Amino acids, peptides, and proteins are important constituents of food. They supply the required building blocks for protein biosynthesis. In addition, they directly contribute to the flavor of food and are precursors for aroma compounds and colors formed during thermal or enzymatic reactions in production, processing, and storage of food. Other food constituents, e.g. carbohydrate, take part in such reactions. Proteins also contribute significantly to the physical properties of food through their ability to build or stabilize gels, foams, dough, emulsions, and fibrillar structures.
There are a number of ways of classifying amino acids. Since their side chains are the deciding factors for intra- and intermolecular interactions in proteins and, hence, for protein properties, amino acids can be classified as:
- Amino acids with non-polar, uncharged side chains.
- Amino acids with uncharged, polar side chains.
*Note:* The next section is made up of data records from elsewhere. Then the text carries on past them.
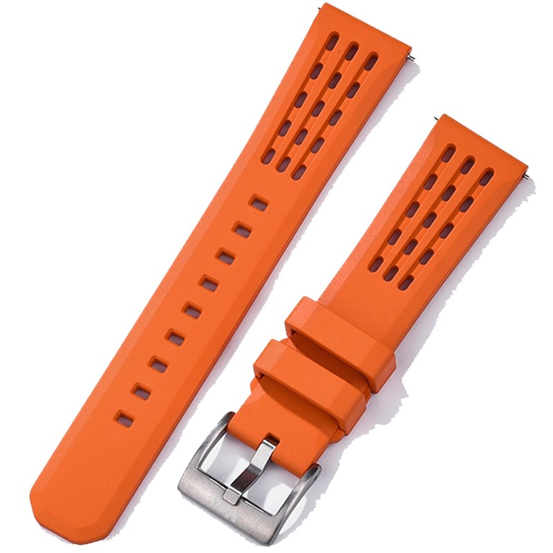 Fluororubber (FKM) is perfect for dive watches, smartwatches or adventure sports because of its strength and flexibility. Always keeps its shape and doesn’t lose colour.
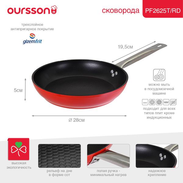 Сковорода Oursson PF2625T/RD габаритами 5х26 см, с диаметром дна 24 см весит 0,92 кг. Трехслойное антипригарное покрытие дает возможность готовить с минимальным количеством масла и жира. Внутренняя градуировка показывает степень наполнения изделия. Антидеформационный диск обеспечивает равномерное распределение тепла.
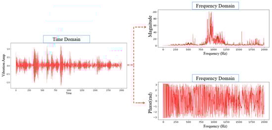 where p = 0, 1, 2, …, − 1. The frequency-domain information is also derived from the signal with multiplications as opposed to the N complex multiplication. Consequently, the computational complexity becomes O(N log N). These vibration signals can be processed through an FFT can process by maintaining the original amplitude and phase information, splitting them into individual sinusoidal oscillations at specific frequencies [54].
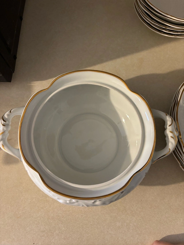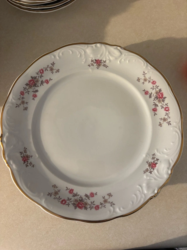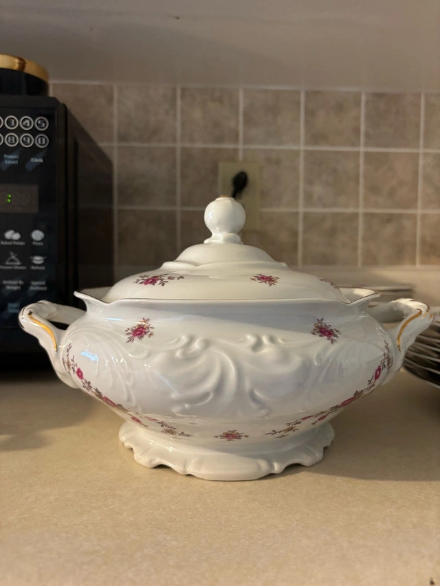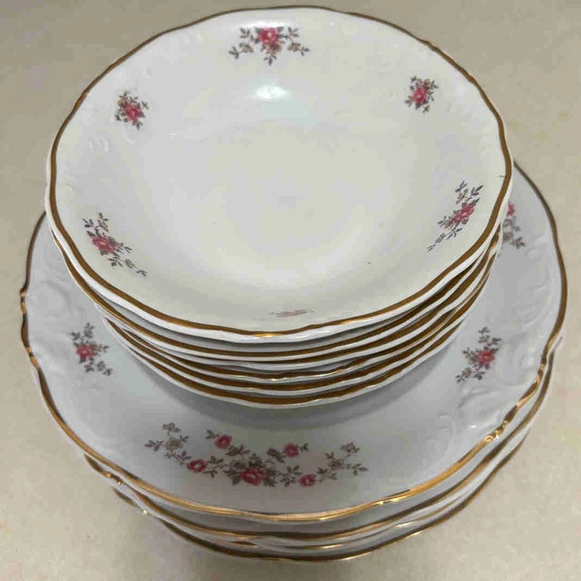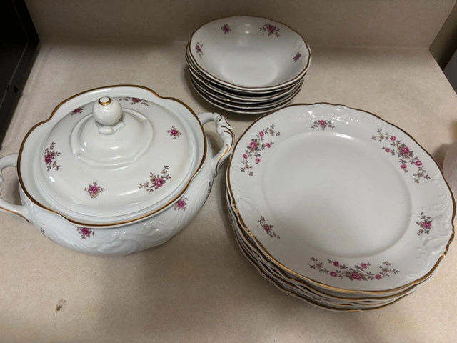 Vintage Porcelain Dinnerware Set – Pink Floral with Gold Trim (13 Pieces) Made in Polland. Elevate your dining experience with this elegant vintage porcelain dinnerware set. Featuring a delicate pink floral pattern and classic gold trim, this set is perfect for both special occasions and everyday use. Includes: 1 Casserole with Lid, 6 Dinner Plates, 6 Bowls. The porcelain is in excellent condition with no chips or cracks. Feel free to message if you have any questions!
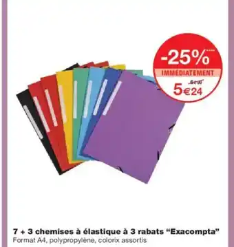 Offre EXACOMPTA 7 + 3 chemises à élastique à 3 rabats chez Monoprix
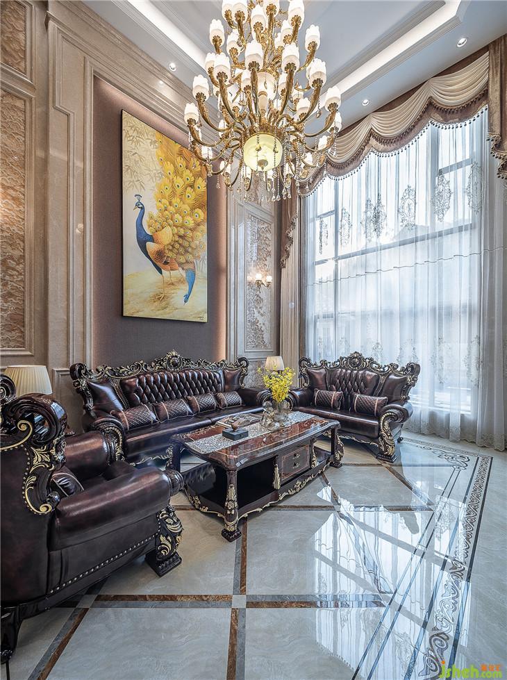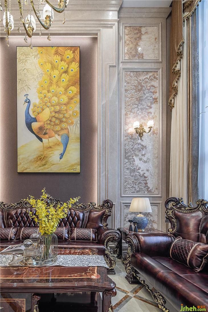 材質(zhì)運(yùn)用上,同色系軟包背景墻銜接大面積的石材墻面,延展空間尺度的同時(shí),充滿轉(zhuǎn)折的美感。深褐色的沙發(fā)擺放在一幅孔雀掛畫(huà)前,整個(gè)空間的色彩層次豐富明朗。
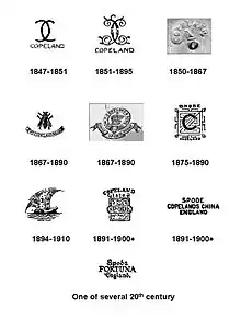 Messrs Spode were succeeded in the same business in c. 1833 by Copeland and Garrett, who often used the name Spode in their marks. In particular these are called 'Late Spode' and include productions of the so-called 'Felspar porcelain'. They also produced other kinds of bone china, earthenware, parian, etc. The partnership continued in this form until 1847.[13] After 1847 the business continued until 1970 as W.T. Copeland and sons, and again the term 'Spode' or 'Late Spode' continued in use alongside the name of Copeland. Under the name 'Spode Ltd' the same factories and business were continued after 1970.
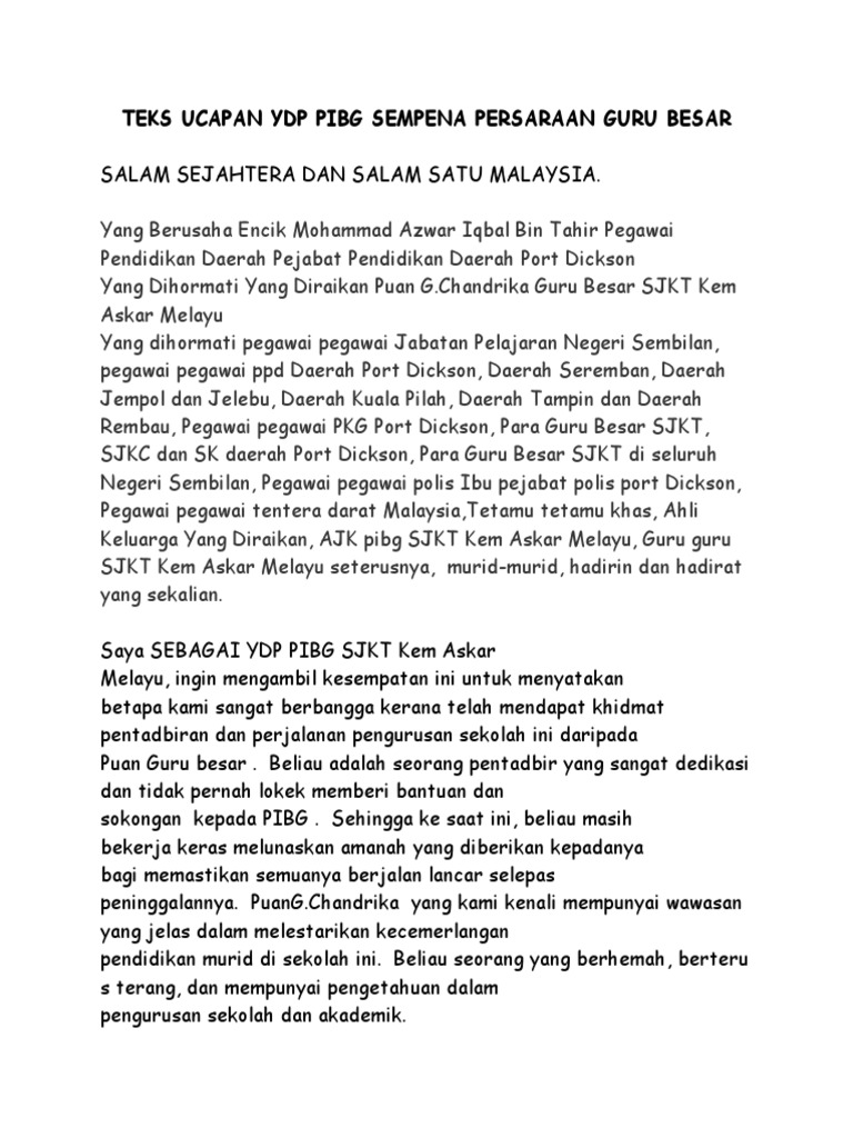 Ucapan Ydp Pibg Sempena Persaraan Guru Besar Pdf
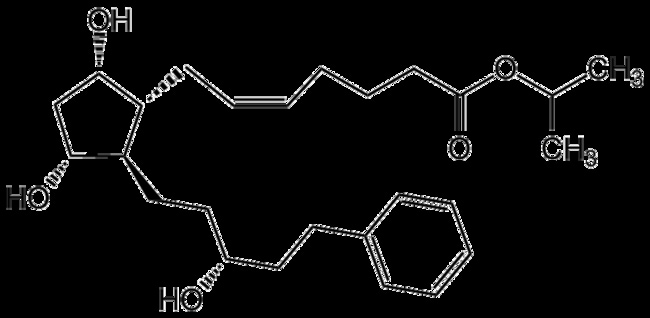 Chemical. CAS: 130209-82-4. Formula: C26H40O5. MW: 432.59. Latanoprost is the isopropyl ester of 17-phenyl-13,14-dihydro prostaglandin F2alpha (17-phenyl-13,14-dihydro PGF2alpha). It is a prodrug form of the free acid, which is a potent agonist of the FP prostaglandin receptor in the eye. Latanoprost reduces intraocular pressure in glaucoma patients with few side effects.
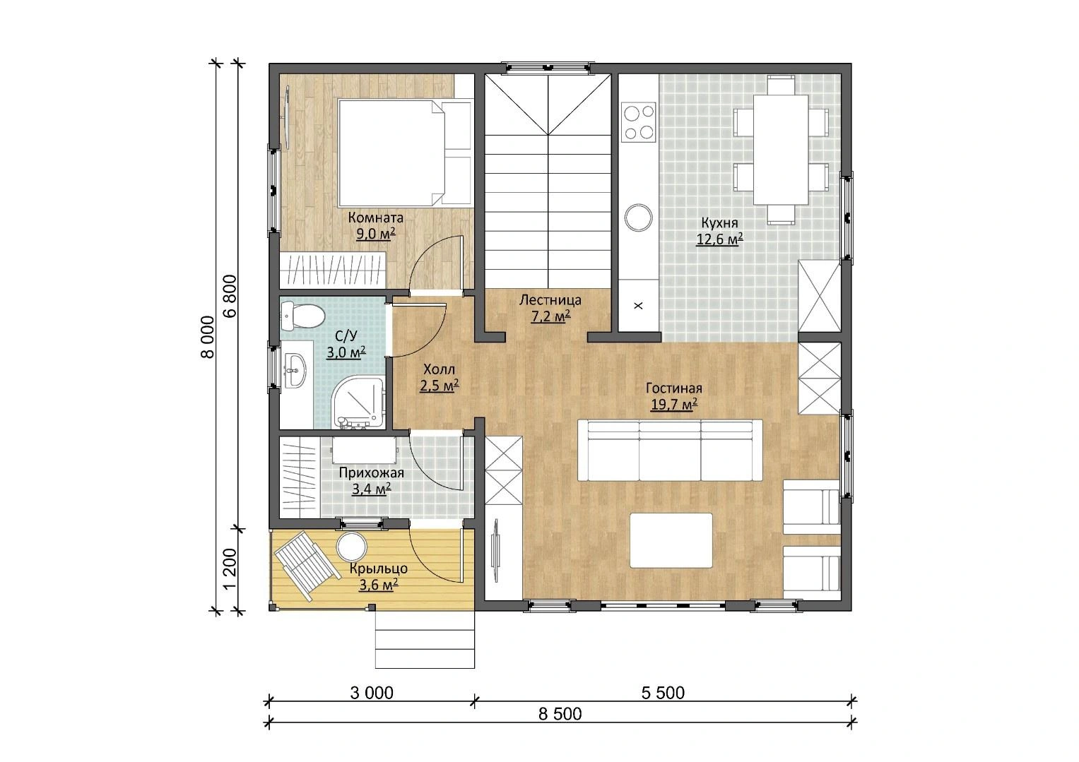 Крыльцо защищает вход от неприятных погодных условий. А его площадь 3,6 м2 позволяет разместить кресло и журнальный столик для приятного времяпрепровождения.
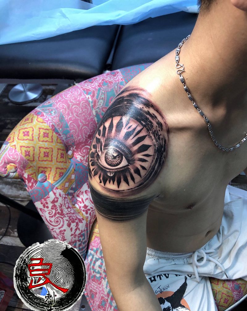 眼睛遮盖纹身图片_手臂欧美写实纹身图案

- Amino acids with charged side chains.
Based on their nutritional/physiological roles, amino acids can be differentiated as:
- Essential amino acids
- Nonessential amino acids
The solubility of amino acids in water is high variable. Besides the extremely soluble proline, hydroxyproline, glycine, and alanine are also quite soluble.
Amino acids show the usual reactions of both carboxylic acids and amines. Reactions specificity is due to the presence of both carboxyl and amino groups and, occasionally, of other functional groups.
Free amino acids can contribute to the flavor of protein-rich foods in which hydrolytic processes occur (e.g. meat, fish, or cheese). Taste quality is influenced by the molecular configuration.
Peptides are formed by binding amino acids together through an amide linkage. On the other hand, peptide hydrolysis results in free amino acids. By convention, the amino acid residue with the free amino group is always placed on the left. The amino acids of the chain ends are denoted as N-terminal and C-terminal amino acid residues. The peptide linkage direction in cyclic peptides in indicated by an arrow.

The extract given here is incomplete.